■ ACTIVITY ■
Write the listing out again word for word. Pictures do not belong in the copy.

■ INPUT DATA ■
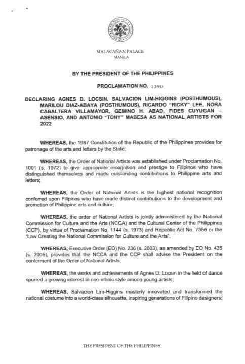 On June 10, 2022, Malacanang Palace, upon joint recommendation of the National Commission for Culture and the Arts (NCCA) and the Cultural Center of the Philippines (CCP), officially announced the eight ( 8 ) new National Artists by virtue of Proclamation no. 1390.
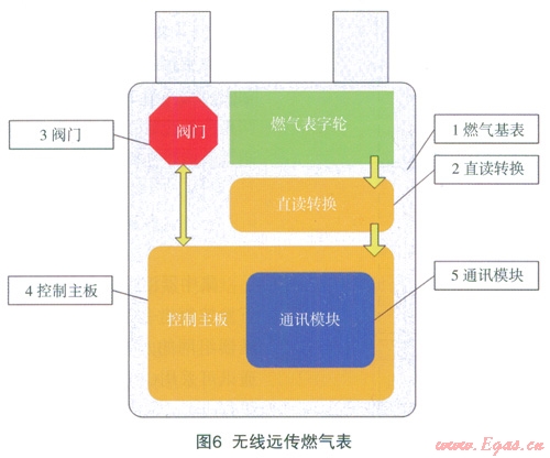 無(wú)線遠(yuǎn)傳燃?xì)獗硎窃谄胀矣闷つと細(xì)獗砩霞友b光電直讀計(jì)數(shù)器、電子控制模塊、無(wú)線通訊模塊等電子模塊組成的,如圖6所示,無(wú)線遠(yuǎn)傳燃?xì)獗戆惭b在用戶家中,燃?xì)夤疽詿o(wú)線手持機(jī)或者采集器為無(wú)線數(shù)據(jù)傳輸媒介,對(duì)燃?xì)獗韺?shí)行戶外實(shí)時(shí)抄表和遠(yuǎn)程閥門(mén)控制。主要功能包括以下幾點(diǎn):
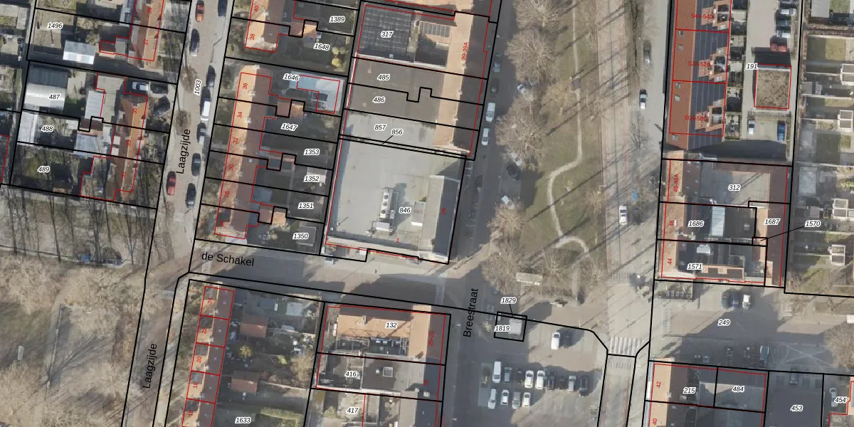 Het perceel waarop Breestraat 29 staat heeft een oppervlakte van 773 m². Dit is een groot perceel. De perceeloppervlakte wordt geregistreerd door het Kadaster. Gedetailleerde informatie over de maten van dit perceel kunt u vinden in het rapport Kadastrale kaart met maatvoering van Breestraat 29.

■ WRITTEN RESPONSE ■
 On June 10, 2022, Malacanang Palace, upon joint recommendation of the National Commission for Culture and the Arts (NCCA) and the Cultural Center of the Philippines (CCP), officially announced the eight ( 8 ) new National Artists by virtue of Proclamation no. 1390.
 無(wú)線遠(yuǎn)傳燃?xì)獗硎窃谄胀矣闷つと細(xì)獗砩霞友b光電直讀計(jì)數(shù)器、電子控制模塊、無(wú)線通訊模塊等電子模塊組成的,如圖6所示,無(wú)線遠(yuǎn)傳燃?xì)獗戆惭b在用戶家中,燃?xì)夤疽詿o(wú)線手持機(jī)或者采集器為無(wú)線數(shù)據(jù)傳輸媒介,對(duì)燃?xì)獗韺?shí)行戶外實(shí)時(shí)抄表和遠(yuǎn)程閥門(mén)控制。主要功能包括以下幾點(diǎn):
 Het perceel waarop Breestraat 29 staat heeft een oppervlakte van 773 m². Dit is een groot perceel. De perceeloppervlakte wordt geregistreerd door het Kadaster. Gedetailleerde informatie over de maten van dit perceel kunt u vinden in het rapport Kadastrale kaart met maatvoering van Breestraat 29.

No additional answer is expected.